We say that a commit points to its parents. At least one commit in any non-empty repository has to have no parent: the first commit you make, in an empty repository, has no earlier commit to point to, so it just doesn't. Other commits point to their parent(s) as usual. The parent hash IDs have to be IDs of valid, existing commits, so these links or pointers always point backwards. A commit cannot point to itself, nor to a commit that does not exist yet that might point back to itself. That means that following these backwards links always takes us back in time, and we never return to the commit we started from. The act of following commits like this—of computing a transitive closure of all parents—produces the DAG.

Given a normal (non-merge) commit, Git will show us that commit by comparing its snapshot to that of its parent. Most of the files will probably match entirely. A few won't: Git will tell us about those files, and not tell us anything about the ones that match. So we can view commits as changes, even though they're snapshots, because they exist in these backwards-pointing chains.

Git makes new commits from its index, not from your work-tree

Before you can use a commit, you have to extract it. The act of checking out some commit, using git checkout or (since Git 2.23) git switch, consists of selecting some particular commit—we'll get to branch names in a moment; for now let's concentrate on the commit part—and copying its files from their special frozen de-duplicated Git form, to normal everyday form.

This is what your working tree or work-tree is all about. Git copies the committed files into an area for your use. This area belongs to you and is not actually part of the repository at all! This action is not controversial, shocking, or confusing: it's obvious why Git has a special format for committed files, and that this format is useless for getting new work done. But once you realize that the files you work on / with aren't actually in Git, this opens up a lot of possibilities.

The other special thing you need to know, though, is that Git doesn't just extract straight from a commit to your work-tree. Instead, it first copies the committed files to Git's index.³ The file here is in the special frozen format—but unlike the committed copy, it's not frozen. Then, after there's a good copy of any given file in the index, git checkout will extract that file to your work-tree.

What this means is that from this moment onward, until you or Git change it somehow, the index itself has a copy of every file from the current commit. To make a new commit, you'll modify the work-tree file and then run git add path/to/file. This git add step copies the work-tree file back into the index, turning the file back into the frozen format, ready to go into a new commit. It's not in a commit yet—it's just in Git's index, ready to be committed.⁴

When you run git commit, it's then that Git packages up all the files in the index into a new commit. Git collects the appropriate metadata, saves the files as the data, and writes out the new commit, which gets a new and unique hash ID.⁵ The parent of the new commit is the hash ID of the commit you checked out earlier. The files in the new snapshot are those that were in the index, which came from the earlier commit, except for any that you replaced with git add, or removed entirely with git rm.

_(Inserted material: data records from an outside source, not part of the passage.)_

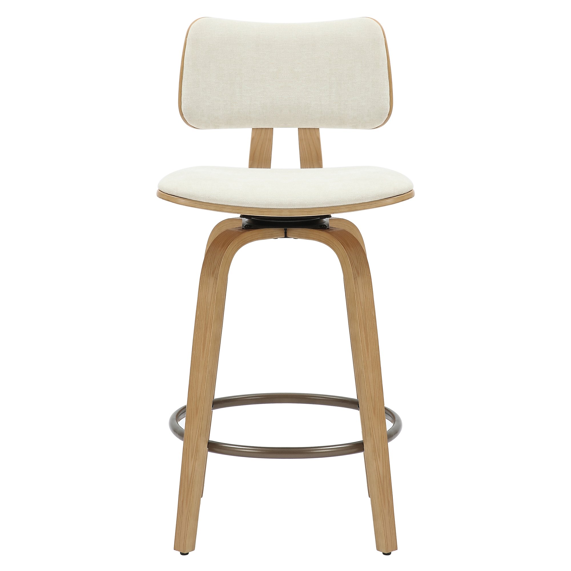 When the best of mid-century modern design is integrated perfectly into the current design world, you get gorgeous pieces like this stool. The bentwood frame and legs are beautifully finished in a natural wood finish, and the cushioning is all upholstered in a soft textured fabric - creating the perfect modern mid-century piece. The footrest is finished in dull aged gold and provides additional comfort. Full swivel allows for ease of use at any counter space.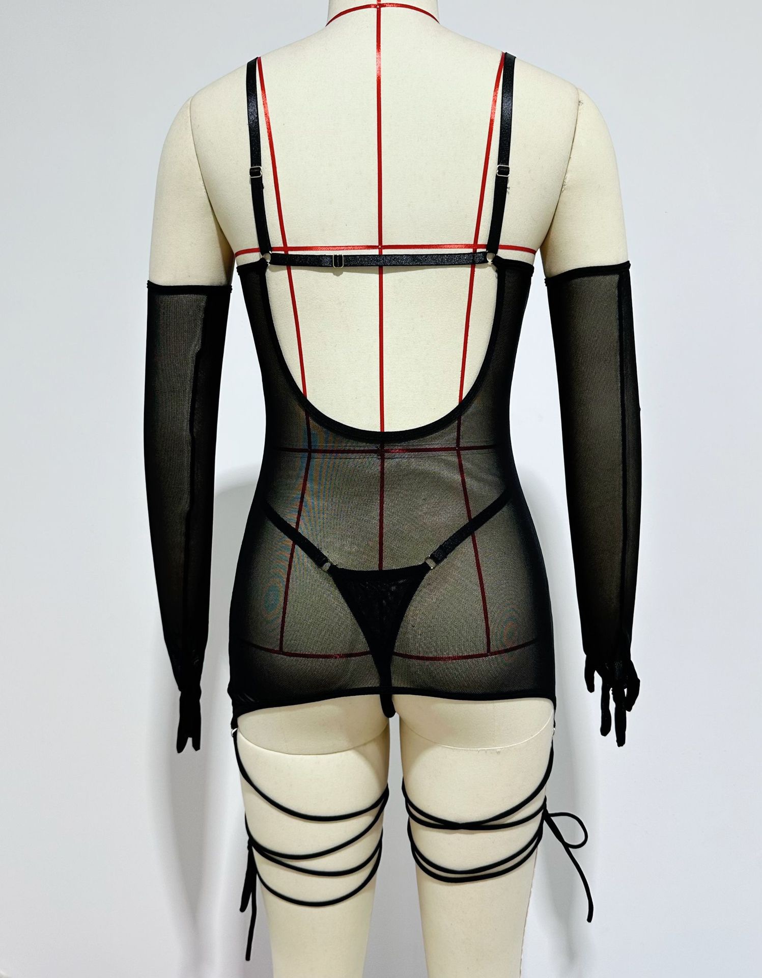 跨境货源欧美性感网纱睡衣配手套丁字裤聚拢钢圈透视情趣内衣套装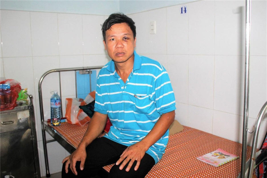 Anh Nguyễn Công Cường bị đánh phải nhập viện. (Hình: Đại Đoàn Kết)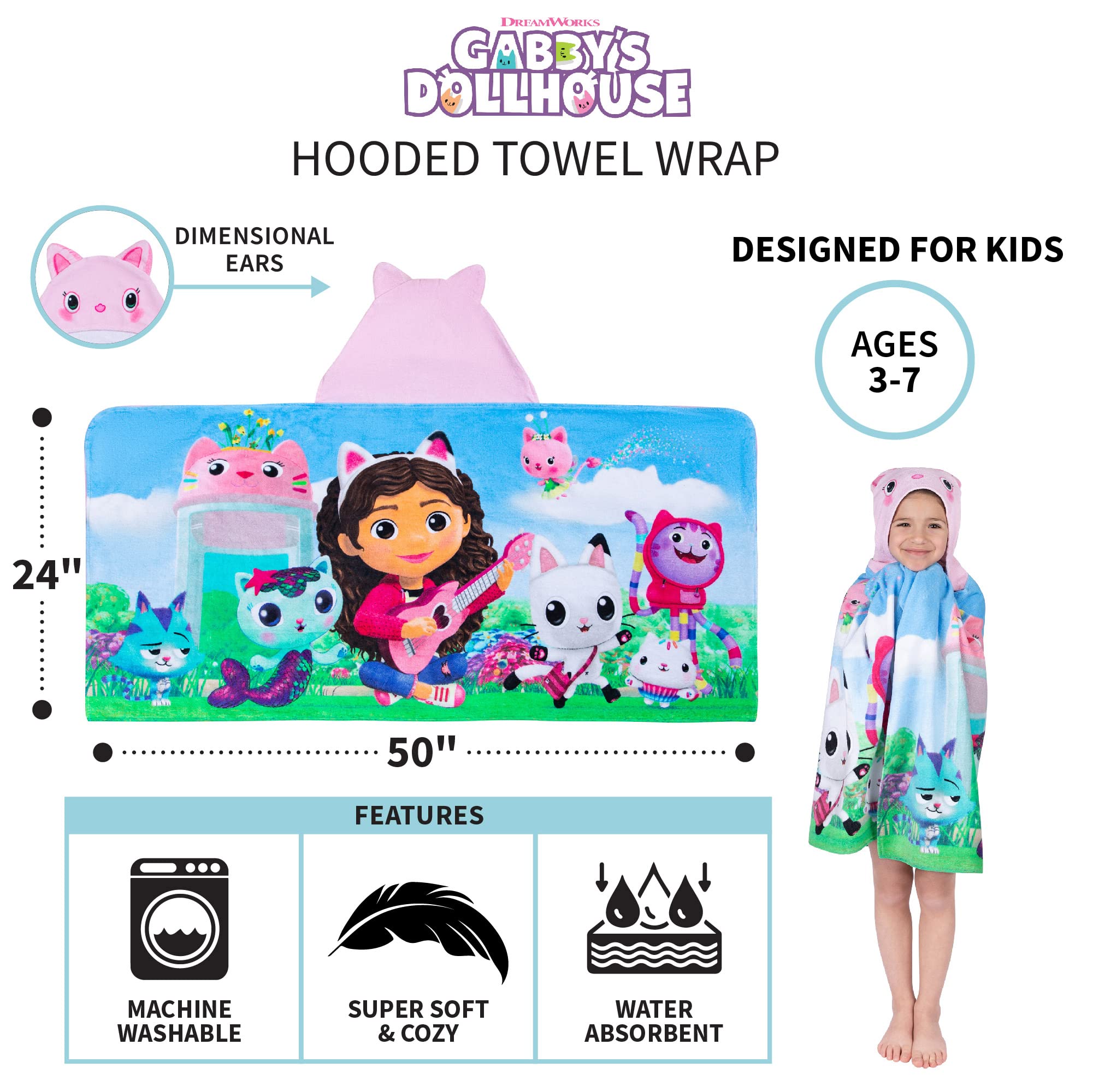 GABBY'S DOLLHOUSE DESIGN: Bring the "Gabdorable" world of Gabby’s Dollhouse to your bathing & swimming routines with this cute hooded towel. Featuring Gabby, DJ Catnip, CatRat, MerCat, Pandy, Cakey & Kitty Fairy from the popular DreamWorks animated series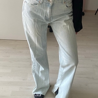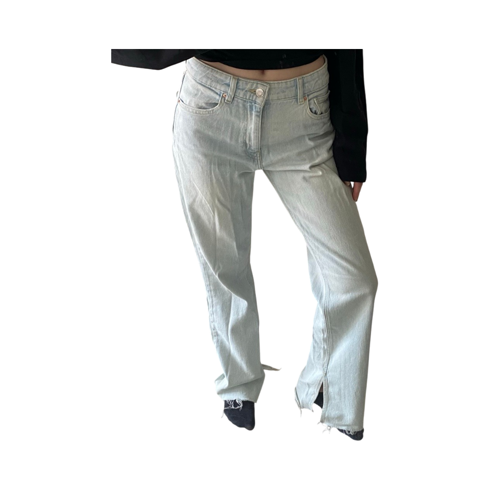 vaaleansiniset suoralahkeiset farkut koossa 36🩵lahkeissa halkio. käytetty pari kertaa
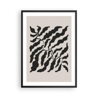 Poster in een zwarte lijst - Moderne abstractie in zwart-wit met dynamische lijnen - 50x70cm - Zwart-wit organische abstractie - Moderne wanddecoratie voor woonkamer en slaapkamer ARTTOR

³Technically, the index doesn't actually hold a literal copy of the file. Instead, it holds a long list of <name, mode, blob-hash> entries, which amounts to a flattened version of the tree objects that Git stores internally. But since the underlying blob objects can't be changed—even though the index copies can be changed—and Git handles this smoothly and invisibly on its own, you can just think of the index as if it held actual copies of the files. It's only when you start using git ls-files --stage and git update-index to directly address index entries that this part starts to matter.

⁴As a result, git adding a file whose content has never been seen before creates a new internal blob object. Git will be sure to keep that blob object around until you commit it—after which it's safe forever—or eject it from the index in some way, releasing it to the garbage collector.

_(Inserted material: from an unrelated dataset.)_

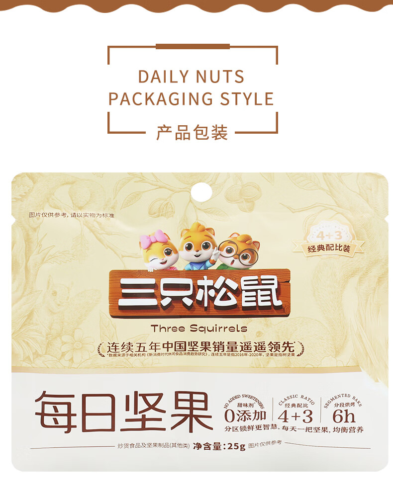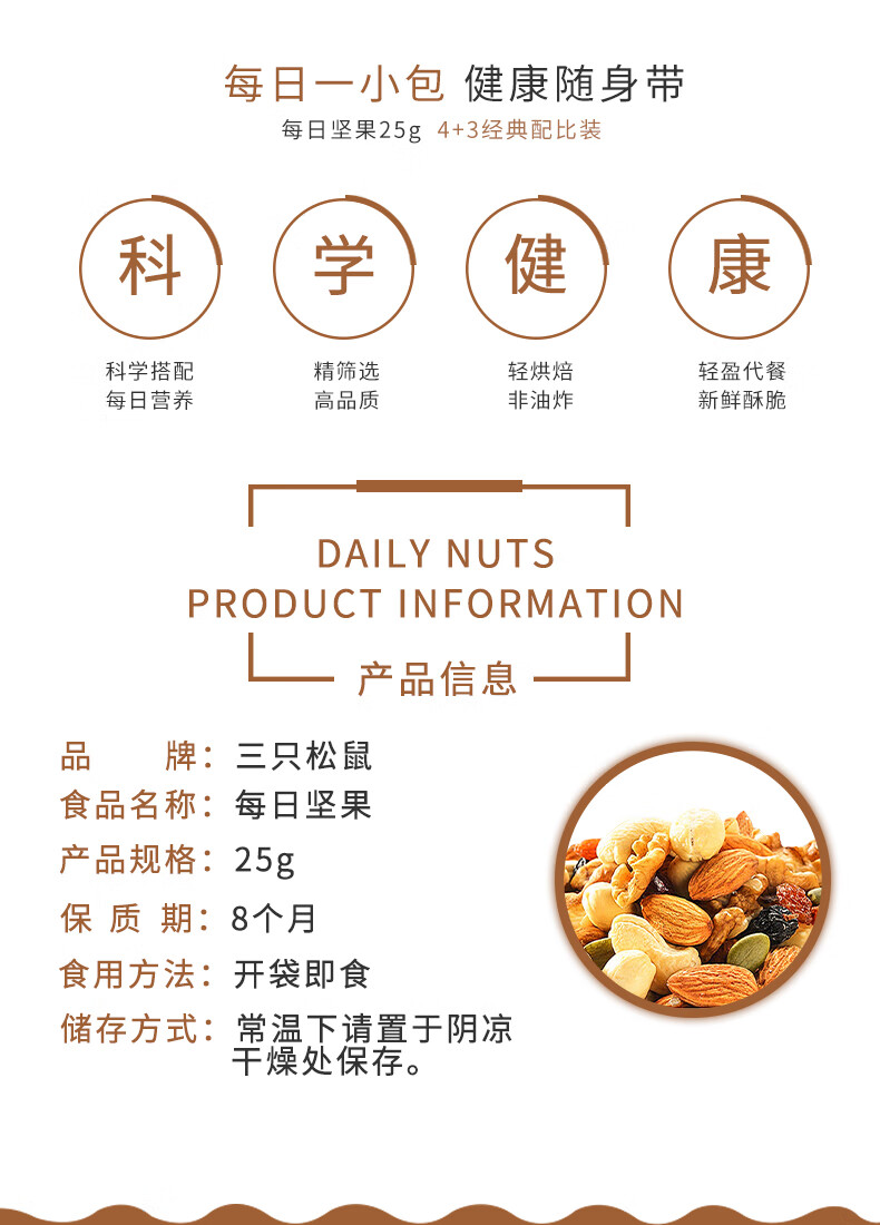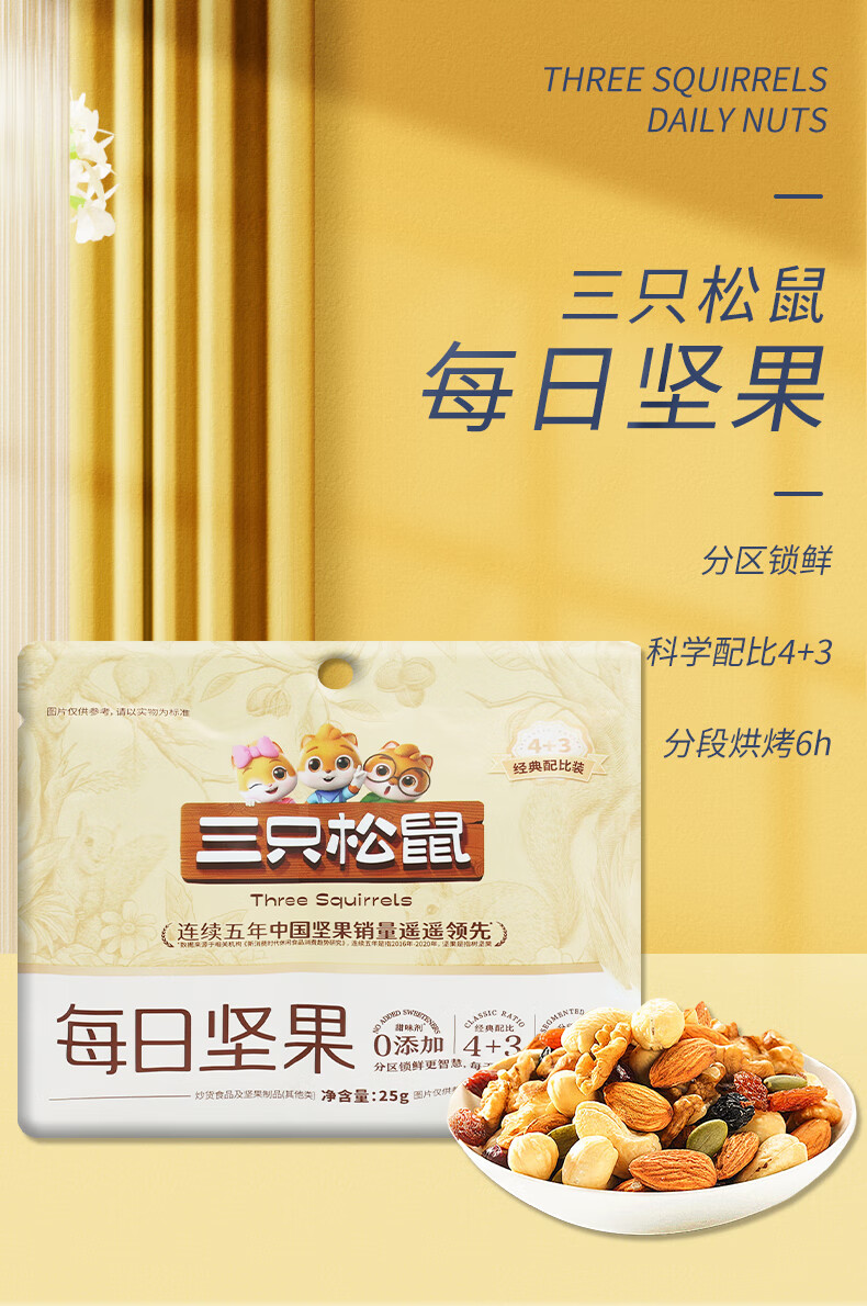 三只松鼠 THREE SQUIRRELS三只松鼠X10袋装便携4坚果3果干休闲混合装零食小吃 10袋 三只松鼠每日坚果25gX 1袋

There was a bug in git worktree add, starting with Git 2.5 and finally fixed in Git 2.15, where added worktrees' index files weren't scanned. The result was that 14 days after you git added some file to a secondary work-tree, if you hadn't committed yet, a git gc could discard the object from the repository database. The same thing happened with detached HEADs in added work-trees: they were not scanned so their commits were unprotected and could be GC'd. This is a particularly nasty bug as it loses committed files. I ran into this bug myself, but lucky for me I didn't actually want those files—they were just an experiment that I hadn't discarded properly yet.

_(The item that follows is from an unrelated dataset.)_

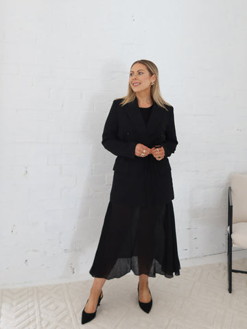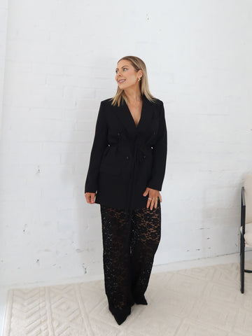 A must have wardrobe staple the classic black blazer! With its chic longline cut and a fabulous waist tie, it’s effortlessly timeless and ready to elevate any outfit. Polyester Lined ...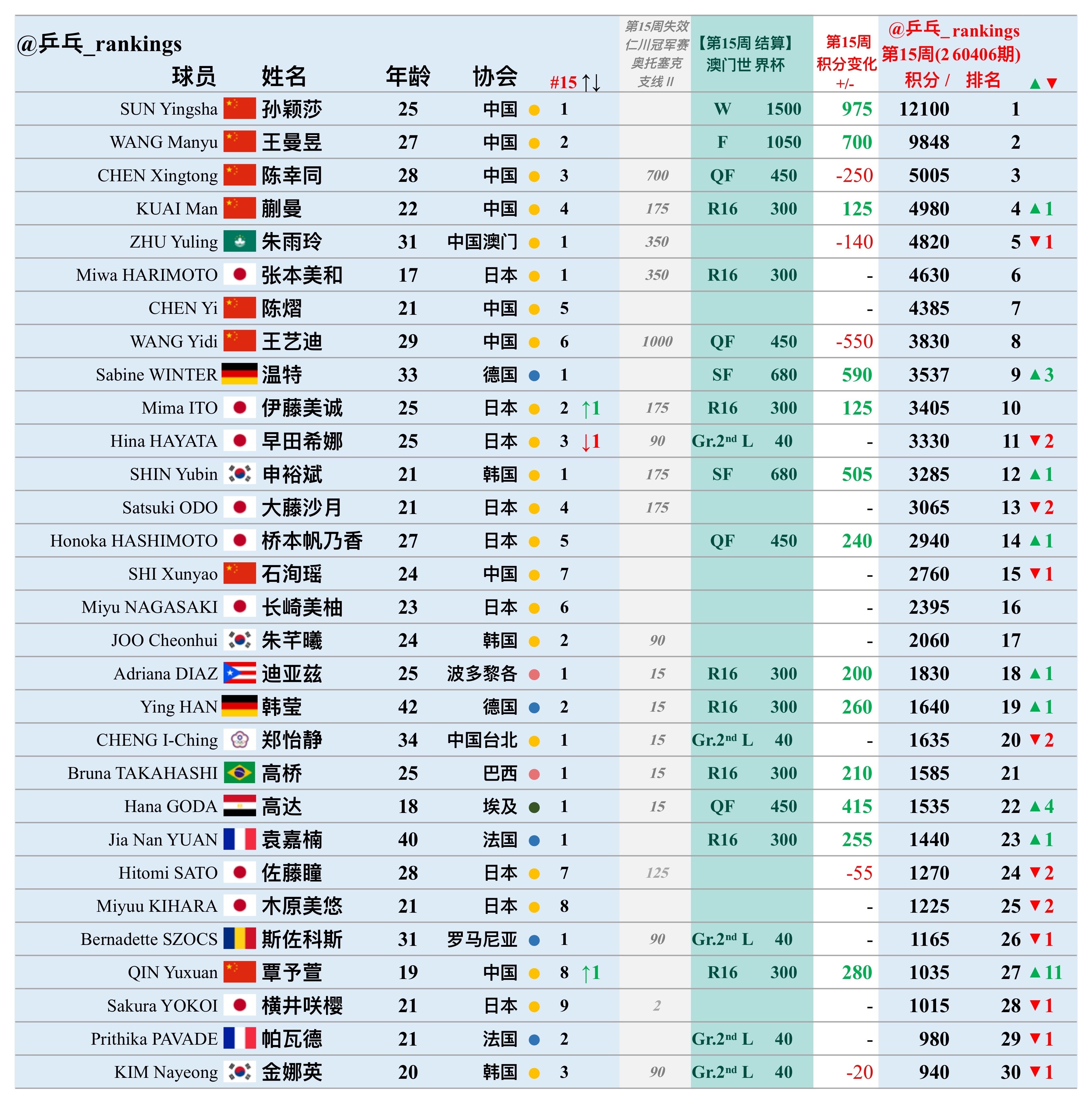 第15周世排积分变化(20260406期)【女单】🔺本周结算• 2026澳门世界杯🔻本周失效• WTT仁川冠军赛2025• WTT奥托塞克支线Ⅱ 2025

⁵To help make sure that every commit has a new and different hash ID, Git includes the parent commit's hash ID, the source snapshot tree hash ID, and the date-to the second—at which you make the commit, in the metadata. So even if you make two separate commits that have the same snapshot and same parent, they have different timestamps, and hence are different commits.

The only way to defeat that is to make both commits at the same time. This is actually possible, provided you write a program to do it—make the computer make a commit; humans are far too slow—but if you do this, you presumably know what you're doing, and aren't shocked by the result. I did it myself, and was surprised until I thought about it, then realized: yeah, that's what should have happened.

Git generally finds commits by branch names

This part isn't entirely relevant to your issue, but since we have come this far, let's cover it.

When you use a branch name—or indeed, any name such as a tag or remote-tracking name—and give that name to git checkout or git switch, you're instructing Git to select that commit and extract it, both to Git's index and your work-tree. That commit becomes your current commit. But there is a special case here: when the name you give to git switch or git checkout is a branch name, Git doesn't just select that commit, it also selects that name.

All names—branch names or not—just store one Git object hash ID. When the name is a branch name, the hash ID it stores must be that of a commit object.⁶ So if you give git checkout a branch name, that means that one specific commit—but Git also saves the name.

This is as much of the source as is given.